Wenwu Zhu 目前是清華大學計算機科學與技術系的教授,並擔任國家信息科學與技術研究中心的副院長。在目前的職位之前,他曾在微軟亞洲研究院擔任高級研究員和研究經理。2004 年至 2008 年,他在英特爾中國研究所擔任首席科學家和主任。他在 1996 年至 1999 年期間在貝爾實驗室新澤西州擔任技術人員。他於 1996 年在紐約大學獲得博士學位。
他目前的研究興趣集中在數據驅動的多媒體網絡和多媒體智能領域。他已發表超過 350 篇經過審核的論文,並擁有或共同擁有超過 50 項專利。他獲得了八項最佳論文獎,包括 2012 年 ACM Multimedia 和 2001 年及 2019 年 IEEE Transactions on Circuits and Systems for Video Technology。

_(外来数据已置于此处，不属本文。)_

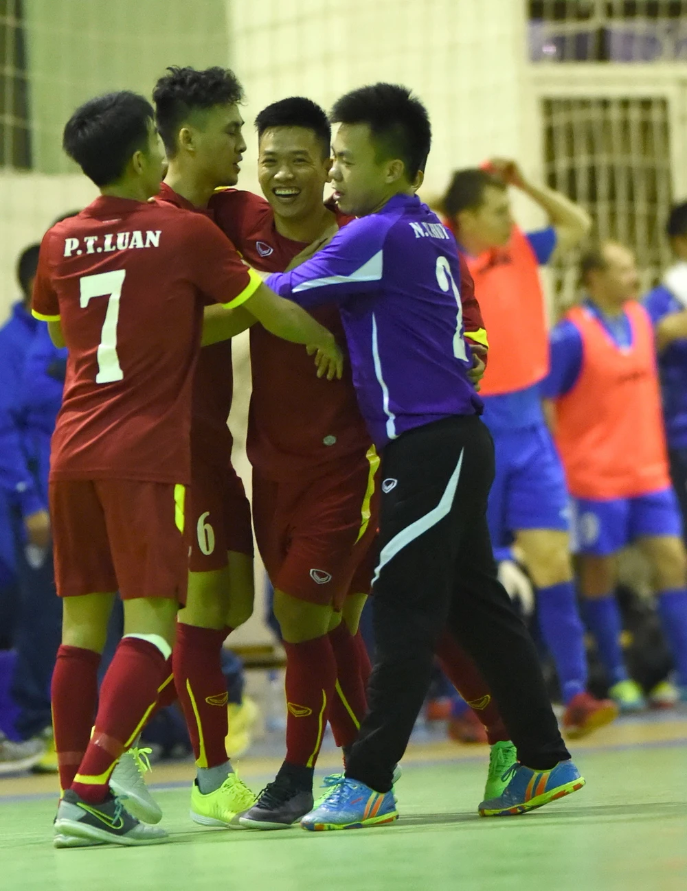 Văn Vũ cùng đồng đội ăn mừng bàn thắng. Ảnh: Quang Thắng.

他曾擔任 IEEE Transactions on Multimedia 的主編(2017-2019)。他擔任 IEEE Transactions on Multimedia 的指導委員會主席,並擔任 IEEE Transactions for Circuits and Systems for Video Technology 的副主編。他分別擔任 ACM Multimedia 2018 和 ACM CIKM 2019 的總共同主席。他是 AAAS Fellow、IEEE Fellow、SPIE Fellow,並且是歐洲學院(Academia Europaea)的成員。